● **Problem statement**:
Go over the entries and report the lines where the word "Tote" occurs.

[Excerpts from a dataset]
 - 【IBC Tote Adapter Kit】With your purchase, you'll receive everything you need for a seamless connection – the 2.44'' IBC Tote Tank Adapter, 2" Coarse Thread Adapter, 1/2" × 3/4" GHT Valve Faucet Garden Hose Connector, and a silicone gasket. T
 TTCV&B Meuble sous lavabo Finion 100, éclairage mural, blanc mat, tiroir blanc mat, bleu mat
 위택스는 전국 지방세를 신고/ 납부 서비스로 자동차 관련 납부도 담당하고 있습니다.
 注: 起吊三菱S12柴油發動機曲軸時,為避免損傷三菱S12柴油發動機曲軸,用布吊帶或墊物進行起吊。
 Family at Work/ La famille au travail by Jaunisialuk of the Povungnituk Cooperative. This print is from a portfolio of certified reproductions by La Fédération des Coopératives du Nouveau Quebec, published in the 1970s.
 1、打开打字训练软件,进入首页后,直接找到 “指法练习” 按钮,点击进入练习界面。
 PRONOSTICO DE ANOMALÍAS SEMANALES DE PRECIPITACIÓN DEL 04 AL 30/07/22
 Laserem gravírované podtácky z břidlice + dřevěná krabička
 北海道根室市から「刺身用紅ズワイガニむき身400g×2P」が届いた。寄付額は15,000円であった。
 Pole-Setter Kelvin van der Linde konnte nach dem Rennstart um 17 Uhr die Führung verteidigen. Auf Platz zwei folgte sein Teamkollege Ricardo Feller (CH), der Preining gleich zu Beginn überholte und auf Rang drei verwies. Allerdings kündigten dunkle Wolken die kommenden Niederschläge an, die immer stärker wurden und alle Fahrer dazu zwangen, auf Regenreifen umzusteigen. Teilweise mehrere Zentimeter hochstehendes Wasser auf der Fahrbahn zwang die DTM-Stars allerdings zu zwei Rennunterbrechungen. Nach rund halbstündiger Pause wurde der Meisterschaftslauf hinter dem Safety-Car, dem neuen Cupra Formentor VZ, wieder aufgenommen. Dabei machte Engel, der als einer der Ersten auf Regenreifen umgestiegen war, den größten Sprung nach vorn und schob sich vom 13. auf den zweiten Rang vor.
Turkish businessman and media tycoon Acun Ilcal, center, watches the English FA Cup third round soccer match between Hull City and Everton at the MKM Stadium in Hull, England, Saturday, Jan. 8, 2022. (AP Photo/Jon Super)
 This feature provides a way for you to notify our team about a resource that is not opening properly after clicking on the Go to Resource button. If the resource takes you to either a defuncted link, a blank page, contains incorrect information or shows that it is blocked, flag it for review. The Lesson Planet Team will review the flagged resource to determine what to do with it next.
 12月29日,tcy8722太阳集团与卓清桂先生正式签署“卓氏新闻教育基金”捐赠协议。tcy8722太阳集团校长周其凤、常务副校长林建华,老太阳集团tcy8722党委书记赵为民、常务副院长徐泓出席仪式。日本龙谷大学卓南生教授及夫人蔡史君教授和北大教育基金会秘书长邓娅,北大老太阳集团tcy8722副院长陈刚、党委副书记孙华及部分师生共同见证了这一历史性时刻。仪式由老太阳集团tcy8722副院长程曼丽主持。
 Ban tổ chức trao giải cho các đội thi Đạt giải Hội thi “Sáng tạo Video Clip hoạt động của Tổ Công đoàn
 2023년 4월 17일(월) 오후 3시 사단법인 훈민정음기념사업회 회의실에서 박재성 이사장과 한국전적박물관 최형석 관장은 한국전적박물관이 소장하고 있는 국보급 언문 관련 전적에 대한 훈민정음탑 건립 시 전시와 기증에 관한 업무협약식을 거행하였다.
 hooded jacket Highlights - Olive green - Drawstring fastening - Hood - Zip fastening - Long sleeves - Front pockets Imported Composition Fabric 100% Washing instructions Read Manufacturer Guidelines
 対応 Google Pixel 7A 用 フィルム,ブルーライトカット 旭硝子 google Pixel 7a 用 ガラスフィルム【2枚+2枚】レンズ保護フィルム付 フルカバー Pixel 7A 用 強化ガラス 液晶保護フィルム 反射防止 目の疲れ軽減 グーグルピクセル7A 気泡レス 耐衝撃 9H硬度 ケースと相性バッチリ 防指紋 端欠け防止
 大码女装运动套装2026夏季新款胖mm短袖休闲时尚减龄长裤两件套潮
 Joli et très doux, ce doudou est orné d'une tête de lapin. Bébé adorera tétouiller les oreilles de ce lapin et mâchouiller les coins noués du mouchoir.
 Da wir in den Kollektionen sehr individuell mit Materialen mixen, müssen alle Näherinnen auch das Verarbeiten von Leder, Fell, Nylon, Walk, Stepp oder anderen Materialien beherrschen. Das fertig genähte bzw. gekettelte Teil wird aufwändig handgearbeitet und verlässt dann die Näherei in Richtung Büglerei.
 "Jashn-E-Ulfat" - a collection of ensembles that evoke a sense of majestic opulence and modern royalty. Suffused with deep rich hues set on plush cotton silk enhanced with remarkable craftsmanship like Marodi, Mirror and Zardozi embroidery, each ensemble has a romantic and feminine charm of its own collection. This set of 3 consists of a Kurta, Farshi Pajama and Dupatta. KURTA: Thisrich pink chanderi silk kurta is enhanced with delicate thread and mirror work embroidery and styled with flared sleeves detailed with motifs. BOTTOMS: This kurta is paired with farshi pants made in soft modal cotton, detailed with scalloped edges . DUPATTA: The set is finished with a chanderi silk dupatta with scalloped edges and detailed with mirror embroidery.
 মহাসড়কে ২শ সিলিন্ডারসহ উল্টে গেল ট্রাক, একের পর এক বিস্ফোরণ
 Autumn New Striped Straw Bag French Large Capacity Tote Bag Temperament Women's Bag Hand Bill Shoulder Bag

● **Written answer**:
 - 【IBC Tote Adapter Kit】With your purchase, you'll receive everything you need for a seamless connection – the 2.44'' IBC Tote Tank Adapter, 2" Coarse Thread Adapter, 1/2" × 3/4" GHT Valve Faucet Garden Hose Connector, and a silicone gasket. T
 Autumn New Striped Straw Bag French Large Capacity Tote Bag Temperament Women's Bag Hand Bill Shoulder Bag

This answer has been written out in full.